Surrey instantly regretted the rampage because it was, he readily admitted, juvenile and reckless. ‘We will have a madding time in our youth,’ he explained to Blagge. One might add that it was probably a far from sober time too. Nor did Surrey present any kind of religious defence during his examination. Instead he once again admitted ‘that he had very evil done therein’.
48
Only after the event, languishing in prison, did Surrey devise a justification that attempted to play down his disgrace. But if he was cocking a snook at the authorities in his poem, if he was winking conspiratorially at his friends, if, even, he was partially sending himself up as the lone champion of the Reformation, it does not necessarily follow that his professed zeal was
contrived. Indeed, a mass of cumulative evidence strongly suggests that Surrey’s early flirtation with reform had by now grown into ardent commitment.
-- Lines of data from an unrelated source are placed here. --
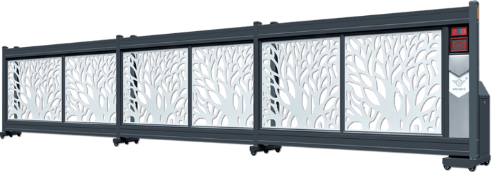 伸縮門主要依靠交叉桿實現(xiàn)伸縮、滑塊導(dǎo)向滑動,整條門體動作點太多,故障率高。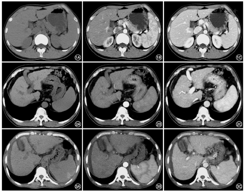| 平扫 | 动脉期 | 门脉期 | 平扫 | 动脉期 | 门脉期 | 平扫 | 动脉期 | 门脉期 | ||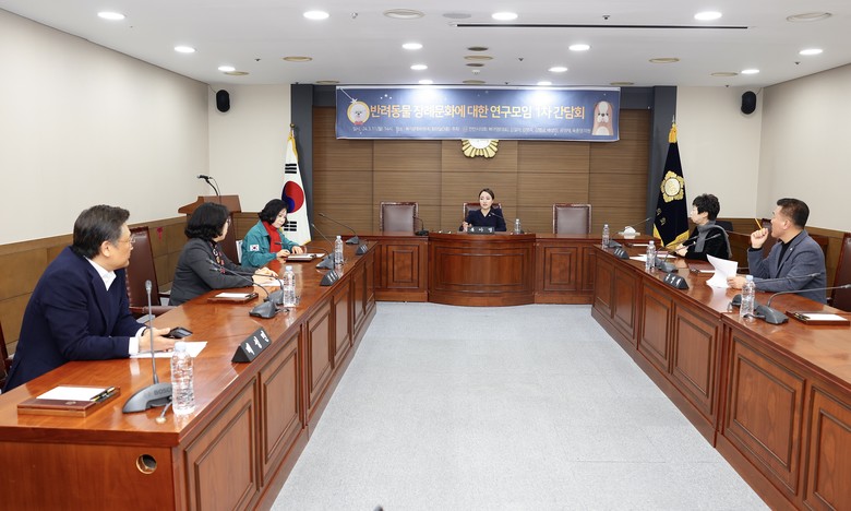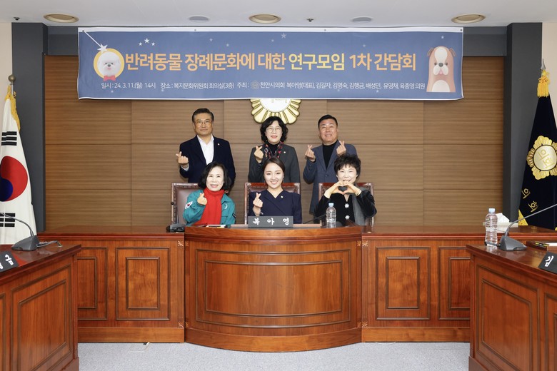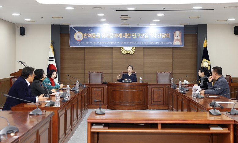 [천안시 세계타임즈=백택기 기자] 「반려동물 장례문화에 대한 연구모임 (복아영(대표), 김길자, 김명숙, 김행금, 배성민, 유영채, 육종영 의원)」은 11일 천안시의회 복지문화위원회 회의실에서 천안시 반려동물의 장례문화에 관한 제도적 장치 마련을 위해 1차 간담회를 가졌다.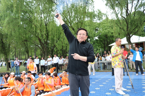 在端午佳节到来前夕,为进一步弘扬中华民族传统文化,满足广大教职工精神文化需求,展现我校师生锐意进取的精神风貌以及协作并进的团队精神。6月2日上午,新利18官方客服第三届师生龙舟大赛在东方绿舟举行。我校党委书记夏小和,副校长姚建龙,东方绿舟上海市青少年校外活动营地党委书记杨昕等领导和嘉宾出席了本次活动。由各二级学院分工会、机关分工会以及国际交流学院组成的14支队伍参与了此次比赛,他们将在绿舟湖中劈波斩浪,再次上演龙舟竞渡。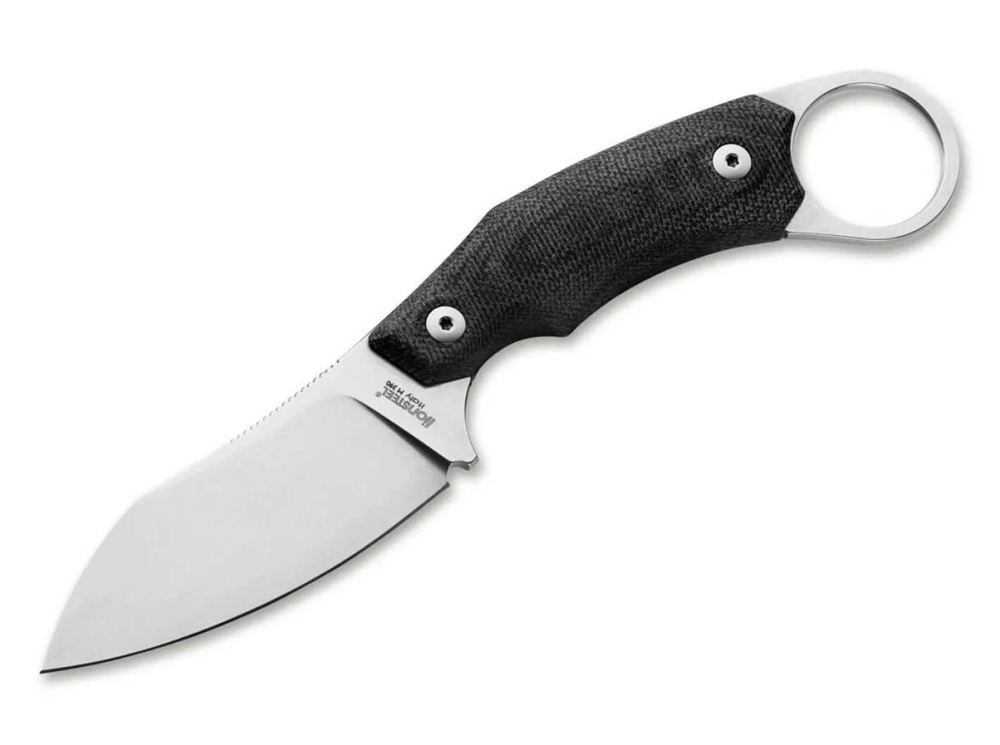 Das von Tommaso Rumici entworfene H1 lehnt sich an die ursprünglich aus Südostasien stammenden Karambits an und punktet mit einem hohen Nutzwert für jegliche Outdooraktivitäten. Das handliche Messer ist mit einer Wharncliffe Klinge aus M390 sowie einem balligen Griff aus schwarzem G10 ausgestattet. Der für Karambits typische große Ring am Griffende kann als Fangriemenöse verwendet werden. Lieferung mit hochwertiger Lederscheide.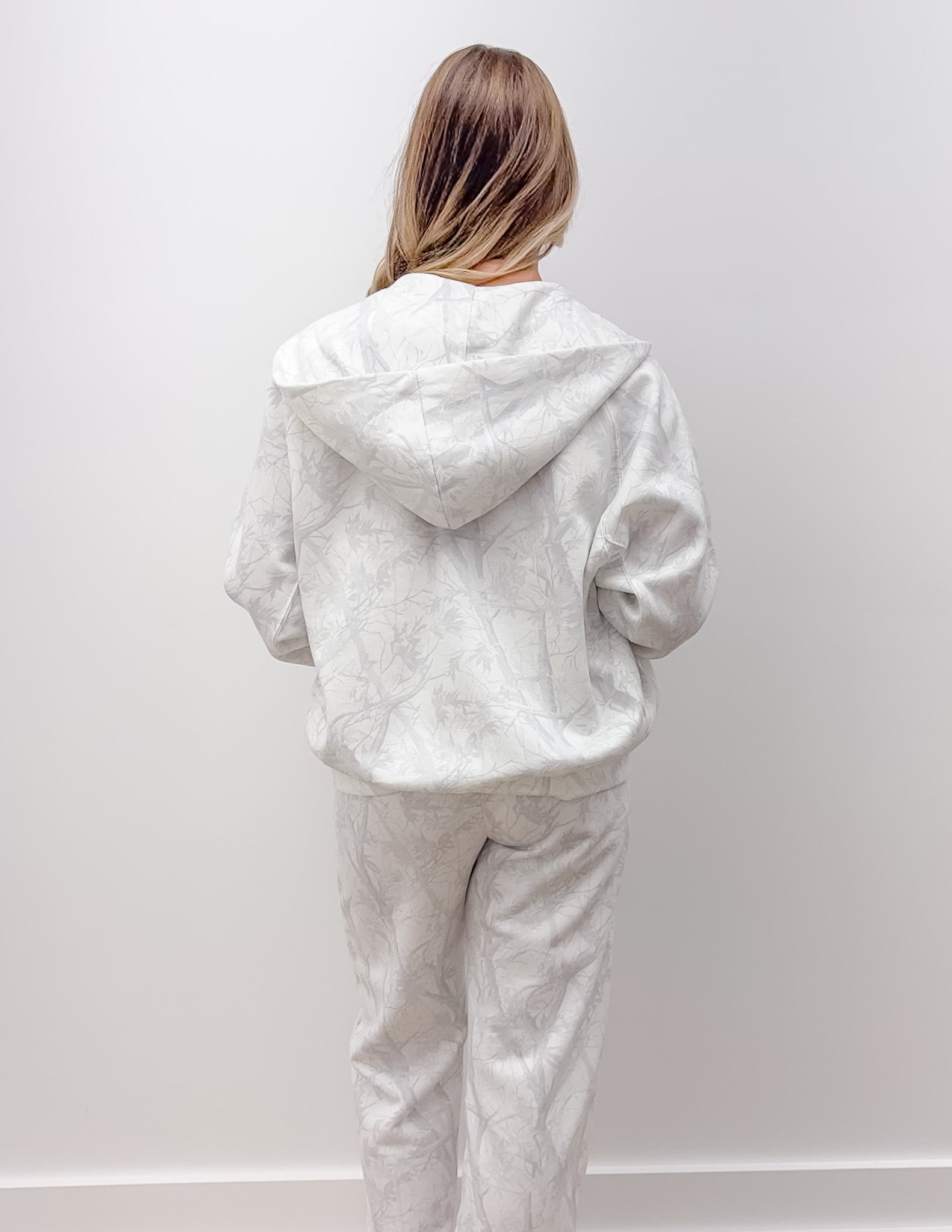 fleece camo relaxed fit zip-up hoodie jacket.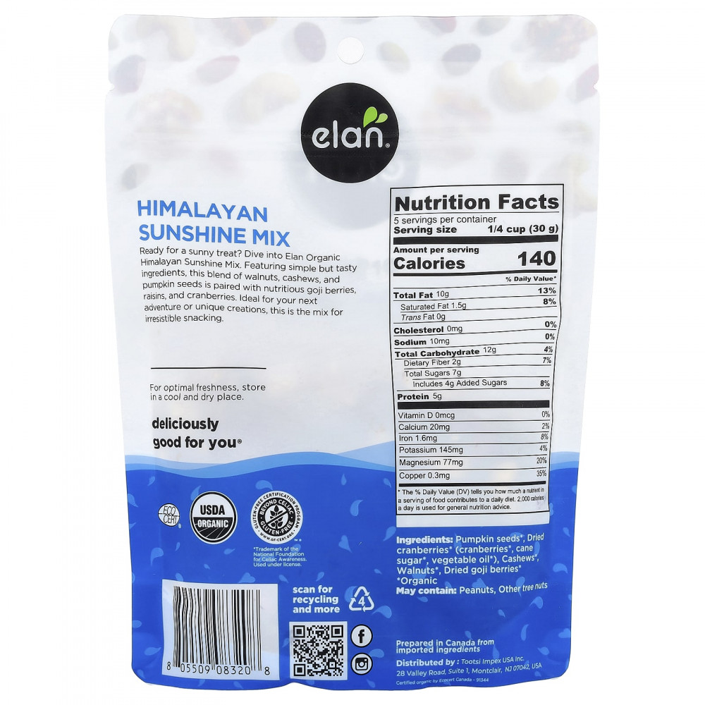 Готовы к солнечному лакомству? Попробуйте органическую смесь Himalayan Sunshine от Elan. Эта смесь грецких орехов, кешью и тыквенных семечек сочетается с простыми, но вкусными ингредиентами, а также питательными ягодами годжи, изюмом и клюквой. Эта смесь идеально подходит для вашего следующего приключения или уникального творения. Это смесь для неотразимого снека.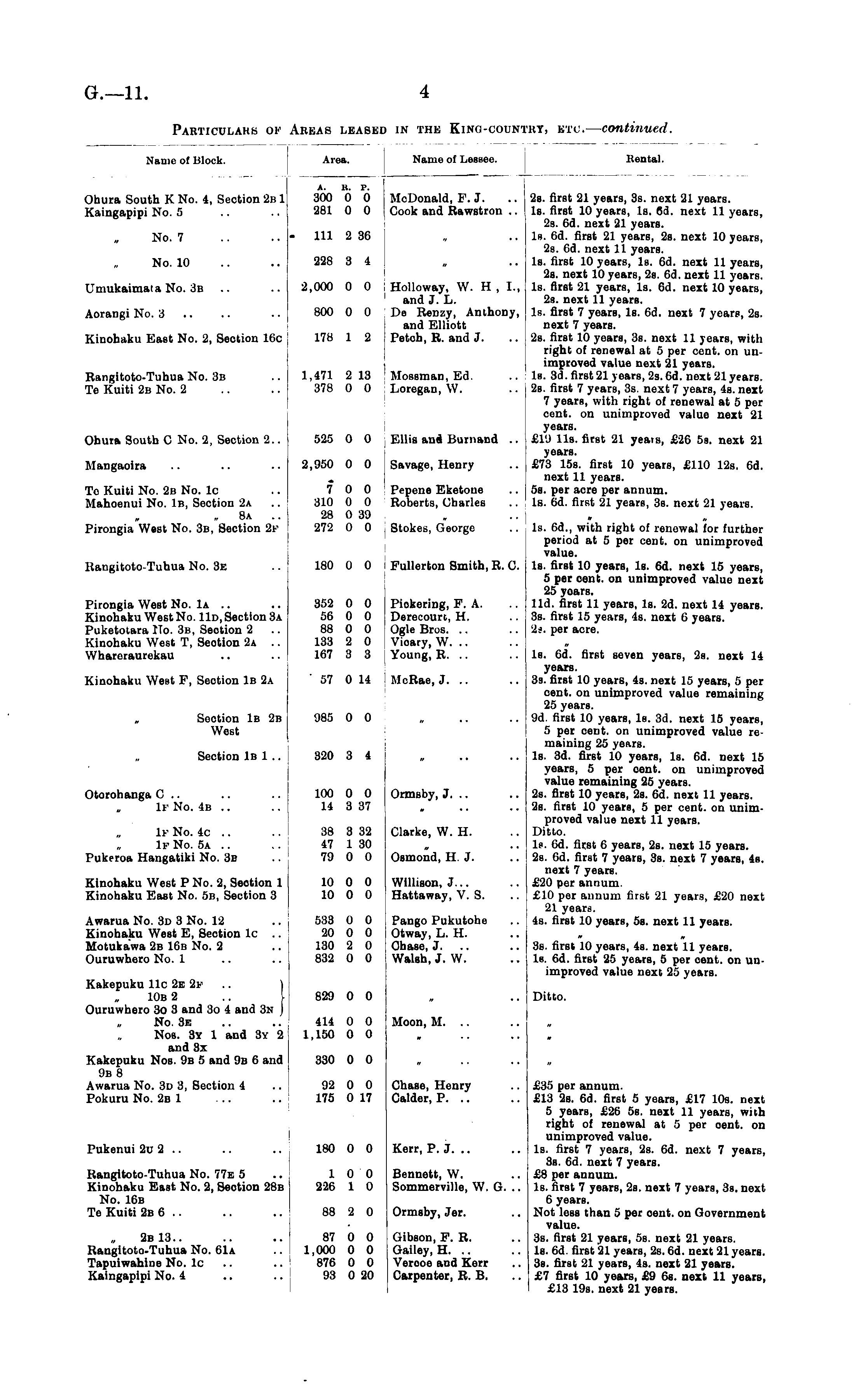 Name: of Block. Area. Area. Name of Lessee. Kontal. A. It. P. Ohura South K No. 4, Section 2b 1 300 0 0 Kaingapipi No. 5 .. .. 281 0 0 McDonald, F. J. Cook and Rawstron .. 2s. first 21 years, 3s. next 21 years. Iβ. first 10 years, Is. 6d. next 11 years, 2s. 6d. next 21 years. Is. Gd. first 21 years, 2s. next 10 years, 2s. Cd. next 11 years. Is. first 10 years, Is. 6d. next 11 years, 2s. next 10 years, 2s. 6d. next 11 years. Is. first 21 years, Is. 6d. next 10 years, 2s. next 11 years. Is. first 7 years, Is. 6d. next 7 years, 2s. next 7 years. 2s. first 10 years, 3s. next 11 years, with right of renewal at 5 per cent, on unimproved value next 21 years. Iβ. 3d.first21years,2s.6d. next 21 years. 2s. first 7 years, 3s. next 7 years, 4s. next 7 years, with right of renewal at 5 per cent, on unimproved value next 21 No. 7 .. .. - 111 2 36 No. 10 .. .. 228 3 4 a • ■ Umukaimata No. 3b .. .. 2,000 0 0 Aorangi No. 3 .. .. .. 800 0 0 Holloway, W. H , I., and J. it. Dβ Renzy, Anthony, and Elliott Fetch, R. and J. Kinohaku East No. 2, Section 16c ; 178 1 2 Rangitoto-Tuhua No. 3b .. 1,471 2 13 To Kuiti 2b No. 2 .. .. 378 0 0 Moseman, Ed. Loregan, W. Ohura South C No. 2, Section 2.. 525 0 0 Ellis and Burnand .. years. £19 11s. first 21 years, £26 5a. next 21 years. £73 15s. first 10 years, £110 12s. 6d. next 11 years. 5s. per acre per annum. Is. 6'd. first 21 years, 3s. next 21 years. Mangaoira .. .. .. 2,950 0 0 Savage, Henry To Kuiti No. 2b No. lc .. 7 0 0 Mahoenui No. Iβ, Section 2a .. 310 0 0 8a .. 28 0 39 Pirongia West No. 3b, Section 2f ' 272 0 0 Pepene Eketone Roberts, Charles Stokes, George Is. 6d., with right of renewal for further period at 5 per cent, on unimproved value. Is. first 10 years, Is. 6d. next 15 years, 5 per cent, on unimproved value next 25 years. lid. first 11 years, Is. 2d. next 14 years. 3s. firet 15 years, 4s. next 6 years. 9li per acre. Rangitoto-Tuhua No. 3e .. 180 0 0 Pullerton Smith, R. C. Pirongia West No. Iα .. .. 352 0 0 Kinohaku WestNo. 11d, Section 3a 56 0 0 Puketotara No. 3b, Seotion 2 .. 88 0 0 Kinohaku West T, Seotion 2a .. 133 2 0 Wharcraurekau .. .. 167 3 3 Piokering, F. A. Derecouri, H. Ogle Bros. Vioary, W. Young, R. .. Kinohaku Weet F, Section Iβ 2a 57 0 14 Section Iβ 2b 985 0 0 West Section Iβ 1 .. 320 3 4 Otorohanga C .. .. .. 100 0 0 If No. 4b .. .. 14 3 37 McRae, J. .. Ormsby, J. .. Is. Gd. first seven years, 2s. next 14 years. 3s. first 10 years, 4s. next 15 years, 5 per cent, on unimproved value remaining 25 years. 9d. first 10 years, Iβ. 3d. next 15 years, 5 per cent, on unimproved value remaining 25 years. Is. 3d. first 10 years, Is. 6d. next 15 years, 5 per cent, on unimproved value remaining 25 years. 2s. first 10 years, 2s. 6d. next 11 years. 2s. first 10 years, 5 per cent, on unimproved value next 11 years. Ditto. Is. (id. first 6 years, 2s. next 15 years. 2s. Od. first 7 years, 3s. next 7 years, 4s. next 7 years. £20 per annum. £10 per annum first 21 years, £20 next 21 years. 4s. first 10 years, 5s. next 11 years. If No. 4c .. .. 38 3 32 If No. 5a .. . . 47 1 30 Pukeroa Hangatiki No. 3b .. 79 0 0 Clarke, W. H. Osmond, H. J. Kinohaku West P No. 2, Seotion 1 10 0 0 Kinohaku East No. 5b, Section 3 10 0 0 Willison, J... Hattaway, V. S. Awarua No. 3d 3 No. 12 .. 533 0 0 Kinohaku West E, Section lc .. 20 0 0 Motuka'wa 2b 16n No. 2 .. 130 2 0 Ouruwhero No. 1 .. .. 832 0 0 Pango Pukutohe Otway, L. H. Chase, J. .. Walsh, J. W. 3s. first 10 years, 4s. next 11 yeare. Iβ. 6d. first 25 years, 5 per cent, on unimproved value next; 25 years. Kakepuku lie 2e 2f .. ) 10b 2 .. 829 0 0 Ouruwhero 30 3 and 3o 4 and 3n ) No. 3e .. .. 414 0 0 Nos. 3y 1 and 3v 2 1,150 0 0 and 3x Kakepuku Nos. 9b 5 and 9b 6 and 330 0 0 9b 8 Awarua No. 3d 3, Section 4 .. 92 0 0 Pokuru No. 2b 1 ... .. 175 0 17 Moon, M. .. Ditto. Chase, Henry Calder, P. .. £35 per annum. £13 2s. 6d. first 5 years, £17 10s. next 5 years, £26 5s. next 11 years, with right of renewal at 5 per cent, on unimproved value. Is. first 7 years, 2s. 6d. next 7 years, 3s. 6d. next 7 years. £8 per annum. Iβ. first 7 years, 2s. next 7 years, 3s. next 6 yeare. Not less than 5 per cent, on Government value. 3s. first 21 years, 5s. next 21 years. Is. 6d. first 21 years, 2s. 6d. next 21 years. 3e. first 21 years, 4s. next 21 years. £7 first 10 years, £9 6s. next 11 years, £13 19s. next 21 years. Kerr, P. J. .. Pukenui 2u 2 .. .. .. 180 0 0 Rangitoto-Tuhua No. 77e 5 .. 10 0 Kinohaku East No. 2, Section 28b 226 1 0 No. 16b Te Kuiti 2b 6 .. .. .. 88 2 0 Bennett, W. Sommerville, W. G. .. Ormeby, Jer. 2b 13.. .. .. 87 0 0 Rangitoto-Tuhua No. 61a .. 1,000 0 0 Tapuiwahine No. lc .. .. 876 0 0 Kaingapipi No. 4 .. .. 93 0 20 Gibson, F. R. Gailey, H. .. Vercoe and Kerr Carpenter, R. B.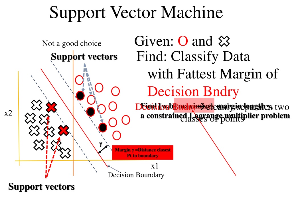 Support Vector Machine Support Vector Machine Support Vector Machine Given: O and Find: Classify Data with Fattest Margin of Decision BndryBest separator Find [w,b] maximizes margin length , a constrained Lagrange multiplier problem classes of points Not a good choice Support vectors Decision Bndry cleanly separates two x2 Margin =Distance closest Pt to boundary x1 Decision Boundary Support vectors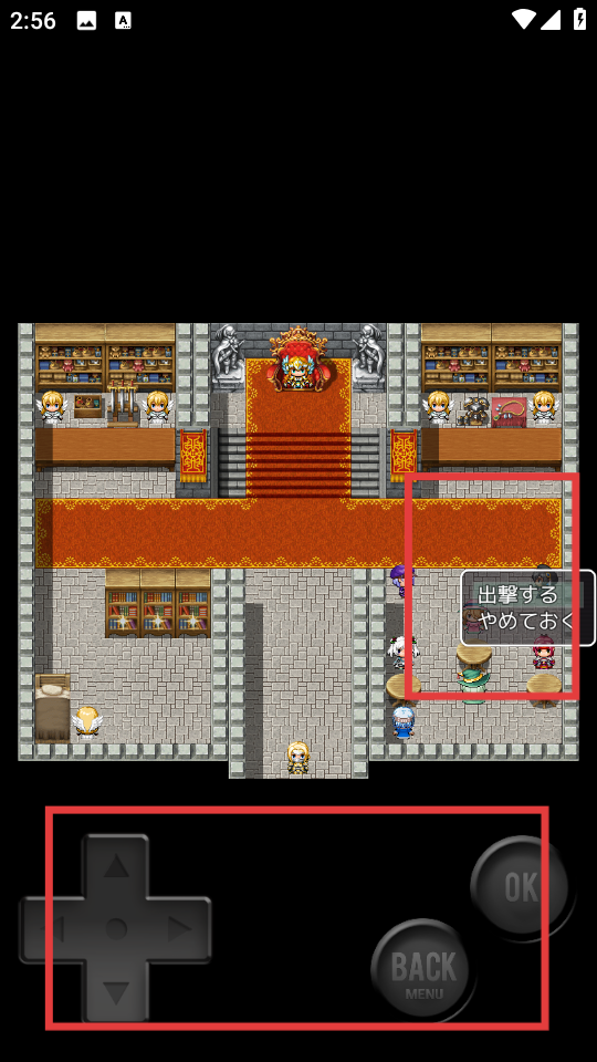 4、完成角色命名后,會(huì)來(lái)到城堡內(nèi)的場(chǎng)景,在場(chǎng)景中找到出擊相關(guān)選項(xiàng),通過(guò)下方的虛擬方向鍵操控角色移動(dòng),靠近并觸發(fā)出擊選項(xiàng),即可帶領(lǐng)角色離開城堡。

First there are his companions: they were all adherents to the new faith, some with the zeal of a fanatic. In three years’ time, George Blagge would be condemned for sacramentarianism and only the personal intervention of the King would save him from the fires of Smithfield. Wyatt would lose his head after his rebellion against Queen Mary in 1554 (for which Pickering was also indicted) and Stafford became a Marian exile in Calvin’s Geneva. Surrey was not the only one to flout the fasting laws; at least eight of his crew had done so too. Traditionalists viewed such defiance as damnable heresy; reformers as an admirable rebellion against a superstitious custom.

Then there is the place: Mistress Arundel and her husband had disobeyed the Lenten laws themselves and their contacts with evangelical butchers had ensured a ready supply of black-market meat at Surrey’s table.
49
On the west side of St Lawrence Lane, through an open passage called Duke Street, was All Hallows, Honey Lane, a parish notorious for its radical stance. To the conservatives, well aware that it harboured an illegal trade in reformist literature, the church was a bastion for ‘the secret sowing and setting forth of Luther’s heresies’. One of its rectors, Thomas Garrard, had been burned for heresy in 1540 and at the time of Surrey’s sojourn the curate incumbent was William Reed, soon to be examined for abuses of religion.
50
Three other churches within Cheap Ward – St Pancras, St Martin Ironmonger Lane and St Mary Colechurch – employed reforming clerics and St Mary Aldermary, a church in the neighbouring ward, was under the heterodox care of Edward Crome. The sermon given there that Lent landed the reformer, Robert Wisdom, in prison.
51
One of those who stood surety for Wisdom was Henry Brinklow, an evangelical campaigner whose
Lamentacyon of a Christen Agaynst the Cytye of London
exhorted sinful Londoners to repent – ‘Awake! Awake! For the Lord sleepeth not.’ His rented tenement between St Lawrence Lane and Ironmonger Lane was only a stone’s throw from Mistress Arundel’s inn.